__Information supplied__

BEGIN

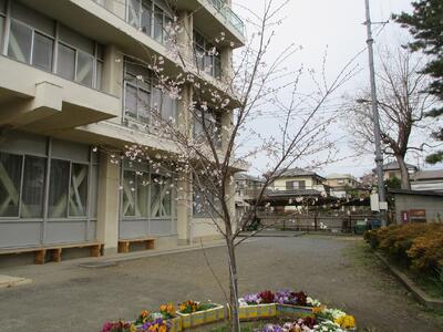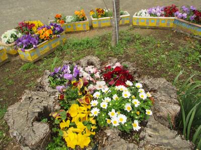 職員玄関前の小さな桜の苗木に、今年はたくさん花が咲きました。職員玄関前には立派な桜があったそうですが、倒木の危険があり、惜しまれながら伐採しました。その時にその横にその桜を苗木を植えたそうです。新しい歴史の始まりですね。切り株には春の花が元気に咲いています。
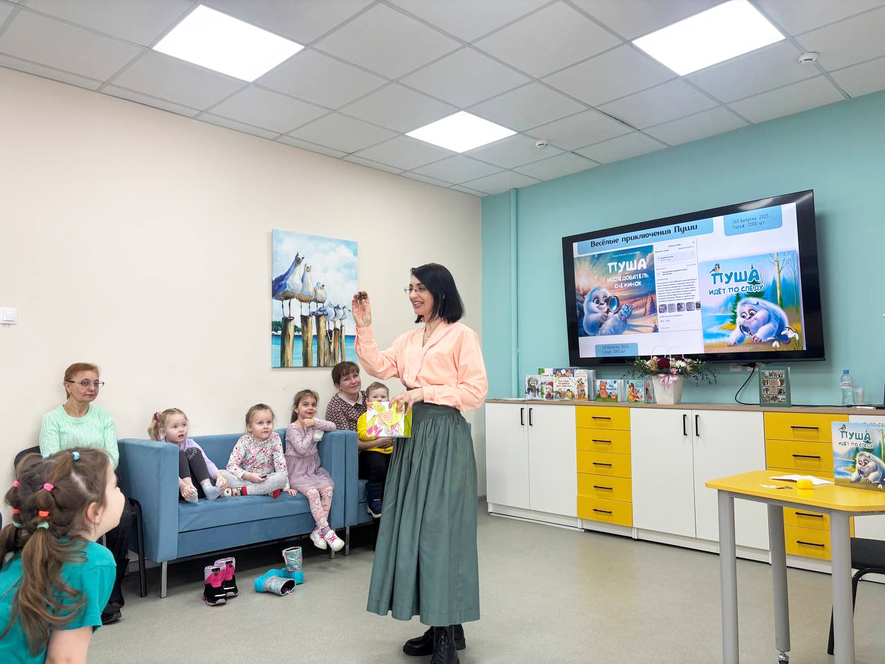 Главная гостья мероприятия, Анастасия Сукгоева, поделилась историей своего творческого пути и представила новые книги. Внимание детей сразу привлекла «Пуши: исследователь снежинок». Юные читатели с восторгом задавали вопросы о любимом герое, а самым волнующим стал вопрос о продолжении: ребята хотели узнать, отправится ли Пуша исследовать лето.
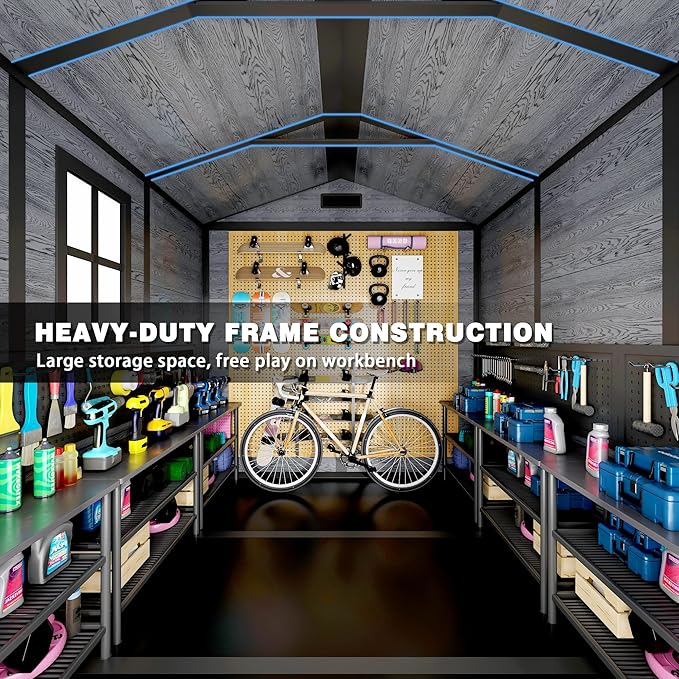 - ALL-WEATHER DURABILITY: Crafted from premium-grade thermoplastic synthetic resin, this backyard storage shed can withstand various elements; Its 12mm thick double-layer resin panels won't easily deform or crack; The shed's waterproofing, and UV resistance make it suitable for diverse weather conditions; The fade-resistant, friendly materials help achieve low maintenance costs and durable longevity
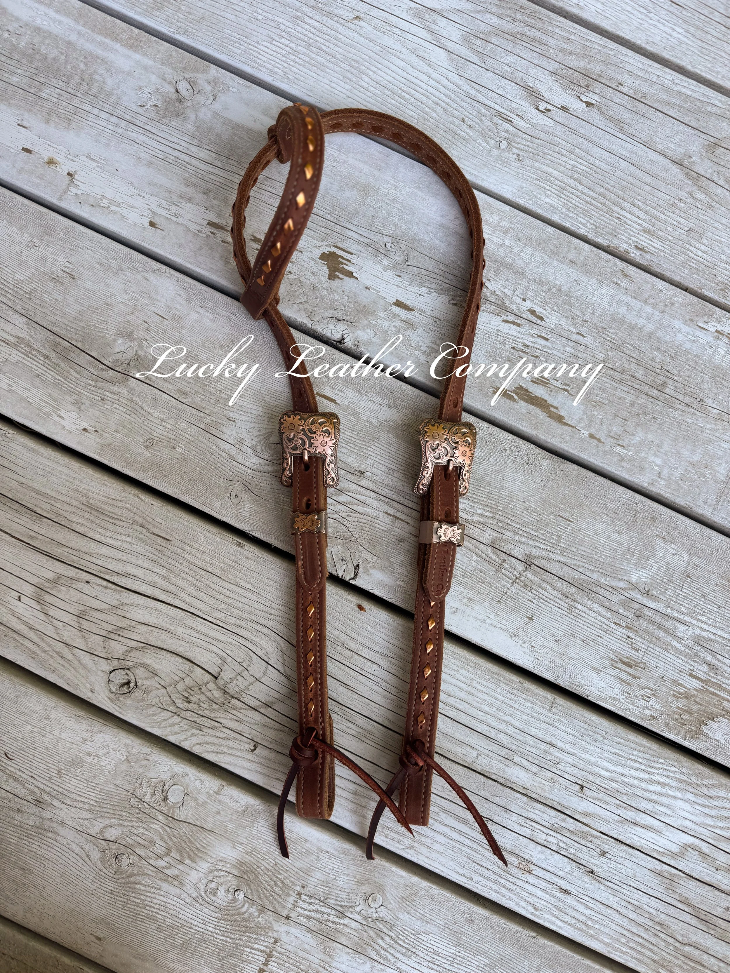 Working Headstalls & Sets › Butter Soft Chocolate Split Ear Headstall Image 1 of 2 Image 2 of 2 Butter Soft Chocolate Split Ear Headstall $62.00 3/4” wide leather. Adjustable from 34”-42”. If you need custom sizing please reach out we are happy to make a custom size! Buckle Color: Antique Copper (pictured) Antique Silver Quantity: Purchase Added! 3/4” wide leather. Adjustable from 34”-42”. If you need custom sizing please reach out we are happy to make a custom size! PNW Maroon Hybrid Muletape Halter $195.00 Add To Cart Turquoise & Cream Buckstitch Tack Set from $245.00 Style: Select Style Headstall Only Breast Collar Only Tack Set Add To Cart Medium Oil & Copper Headstall $130.00 Add To Cart Reviews Reviewer Name Review Date Star Rating Description Posted on Etsy Product Show More

END

__What is needed__
Give back exactly the run of lines that opens the material above and ends at the line with "Главная гостья мероприятия, Анастасия". Omit the pictures.

__Written solution__
 職員玄関前の小さな桜の苗木に、今年はたくさん花が咲きました。職員玄関前には立派な桜があったそうですが、倒木の危険があり、惜しまれながら伐採しました。その時にその横にその桜を苗木を植えたそうです。新しい歴史の始まりですね。切り株には春の花が元気に咲いています。
 Главная гостья мероприятия, Анастасия Сукгоева, поделилась историей своего творческого пути и представила новые книги. Внимание детей сразу привлекла «Пуши: исследователь снежинок». Юные читатели с восторгом задавали вопросы о любимом герое, а самым волнующим стал вопрос о продолжении: ребята хотели узнать, отправится ли Пуша исследовать лето.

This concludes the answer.